第七十四章 深藏奸细(下) (第2/2页)
寒风吹,绿珠上前,眼井无波,蹲下身子,将她的眼睛轻合,面色无波。
静立了不知多久,只觉得时间都仿若流失殆尽,楼隐抬起眼睑,道:“带他们回去疗伤。”
“那我们去哪?”
绿珠左臂已止住了血,身子因失血过多有些发虚,然而平素早已习惯这种在刀尖上的生活,她并未在意。
“会有人来接应你。”
“那你呢?”
“我且去生死门,该做个了结了。”
“我和你一起去。”
楼隐不语,看向绿珠,“相信我,养好伤,等我回去。

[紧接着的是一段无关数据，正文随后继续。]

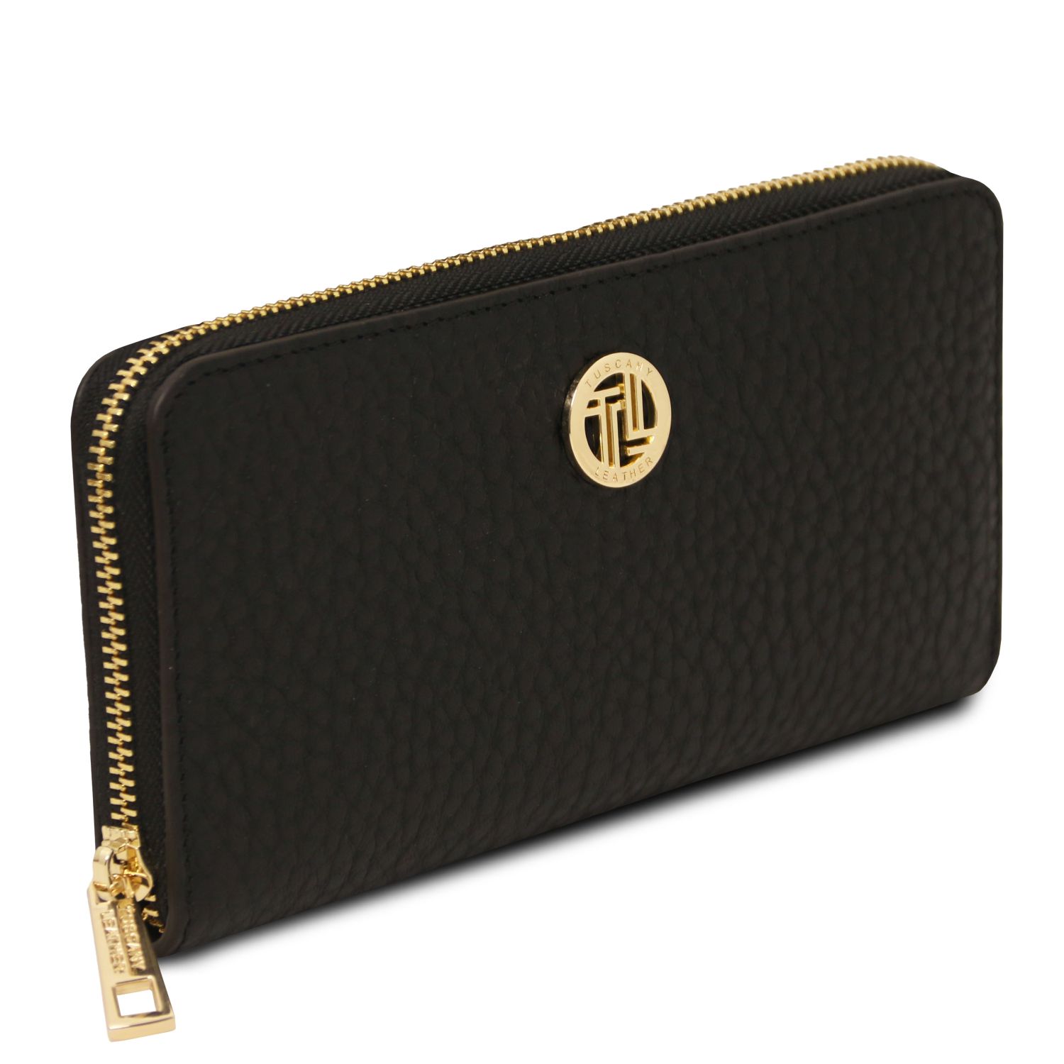 Il portafoglio nero di Tuscany Leather, realizzato in pelle di alta qualità, è caratterizzato da un design classico con finiture eleganti. La sua superficie liscia e la zip robusta lo rendono perfetto per l’uso quotidiano. Le numerose tasche interne offrono uno spazio ben organizzato per carte e banconote.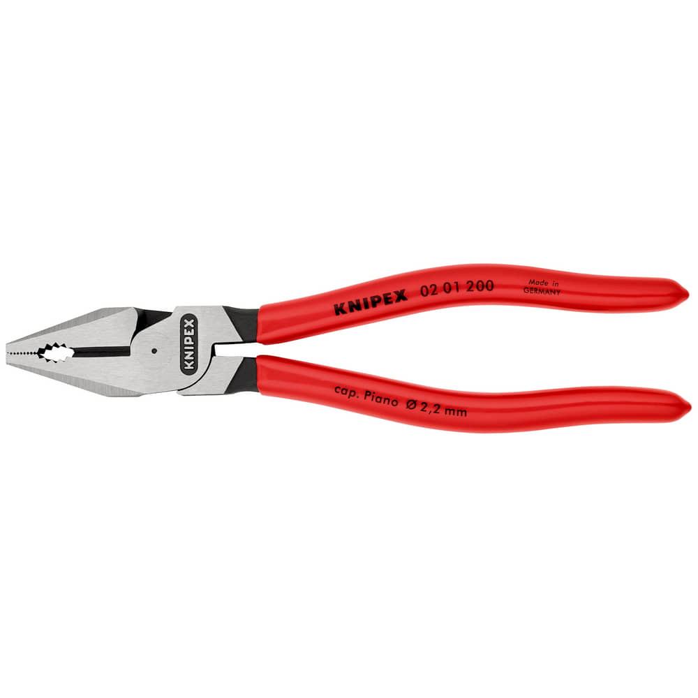 35 % less force than conventional combination pliers - gripping zones for flat and round material - long cutting edges for thicker cables - cutting edges additionally hardened, cutting edge hardness approx. 63 HRC - special tool steel in special quality, forged, multi-stage oil-hardened pliers black atramentised - polished head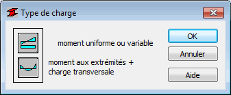 Lors des calculs automatiques, quand le type de charge est modifié lors de la modification du cas de charge, le logiciel prend par défaut la barre à deux moments aux extrémités. Pour les calculs automatiques, l'option par défaut est Moment constant (Linéaire). Après la sélection manuelle du cas de charge ou la saisie de la valeur des efforts internes, vous pouvez définir exactement le type de charge.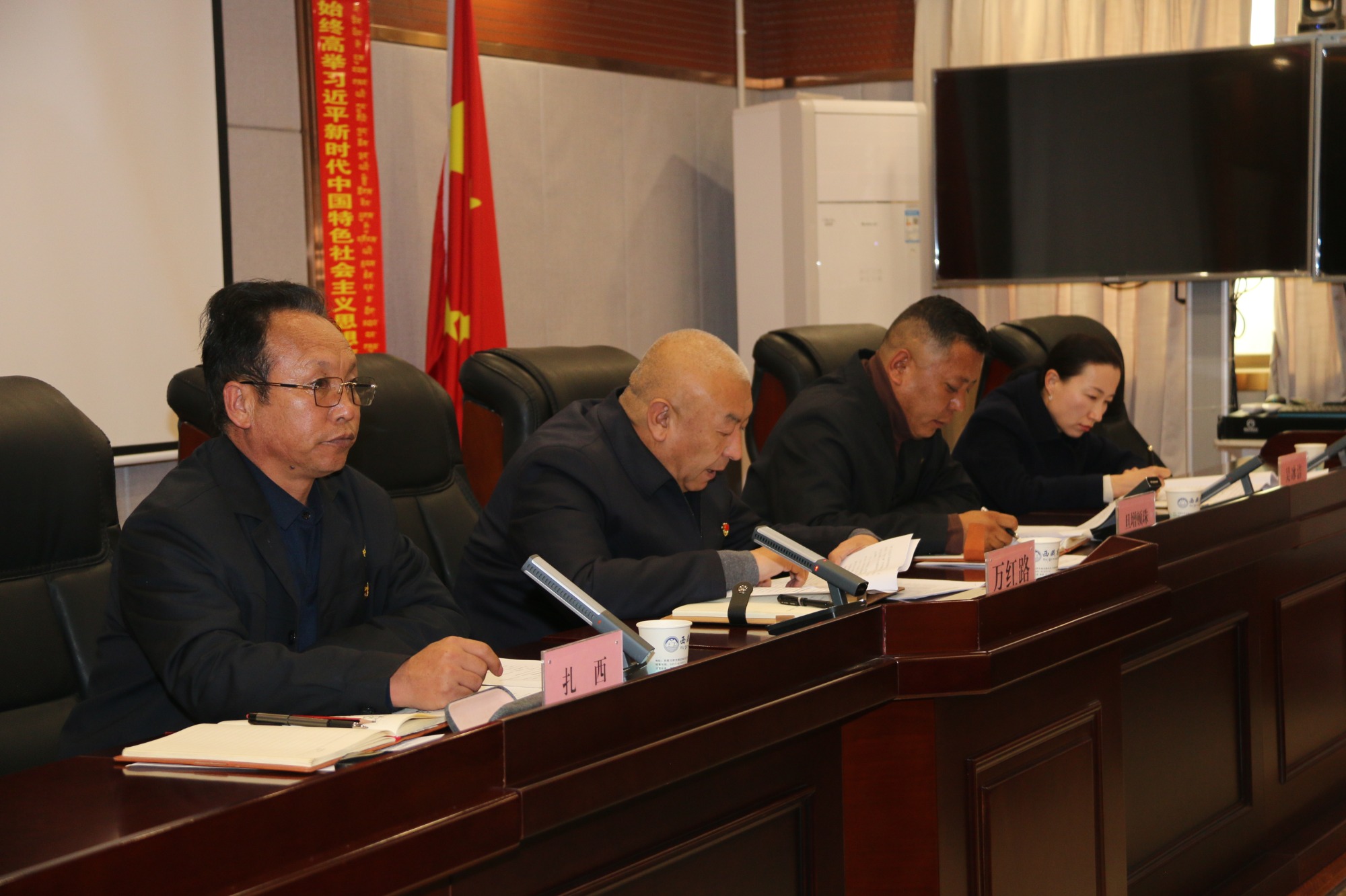 为深入学习贯彻习近平新时代中国特色社会主义思想,推动党中央重大决策部署在公司落地生根,11月19日下午,高争股份公司召开习近平总书记在西藏视察时的重要讲话精神宣讲、党的二十届四中全会精神专题辅导暨公司党委第六次理论学习中心组学习会。会议由公司党委委员、副总经理扎西主持,公司在家领导、总经理助理,各部门及各车间中层以上管理人员,在拉萨的子公司主要负责人共计30余人参加会议。

”
丢下这几句话,看的远方赶来的一行魔卒,楼隐便携了一众暗卫和护将缓缓离去了。
空荡的感觉,虚弱的身子再也无法支撑住自己的意识,绿珠看着前来的魔卒,眼前一黑,便再无了知觉。
生死门祭天长廊。
楼知命负手徘徊在幽长的长廊中,忽而听得一小厮惊慌失措连滚带爬而来,不由的眉头紧皱,显然是方才的宁静祥和被突兀的打破。
“掌事!”
那人定住神,咽了咽口水,大口喘气道:“楼……不……魔尊来了。”
“哦?”
楼知命有些意外,按理说这时该是十大暗卫前来复命,可等来的却不是他们,而是与他异母同父的胞弟楼隐,他微微有些不悦,却仍道:“既然来了,还不摆席迎接。”
“是是是。”
小厮本想再多言语些,见楼知命心情不佳,刚到嘴边的话又咽了下去,忙应了下来。
此刻,楼隐已如一尊黑山立于生死门的正厅,幽暗的灯火衬托着他孤冷的神情,却揣测不出他此刻的想法。
“一别数十年,魔尊还是头一次来我这生死门做客。”
只有这么一句话,楼隐却分明听出说这话的人心中的怒气,他勾勾嘴唇,转过身来,也从未当面质问,反而笑道:“看来当日没重残你,倒是我的不是。”
“如今父王早已逝,何必执着?”
楼知命缓缓而来,挥手示意周边的仆从秉退,二人就这样静默得一前一后立着。
“前尘旧怨,不如今日做了了断可好?”
“楼隐!别逼我!”
楼知命缓缓退了几步,却分明看得出他眸子里的疑惑,百里外却再也传不了绿珠已死的讯息。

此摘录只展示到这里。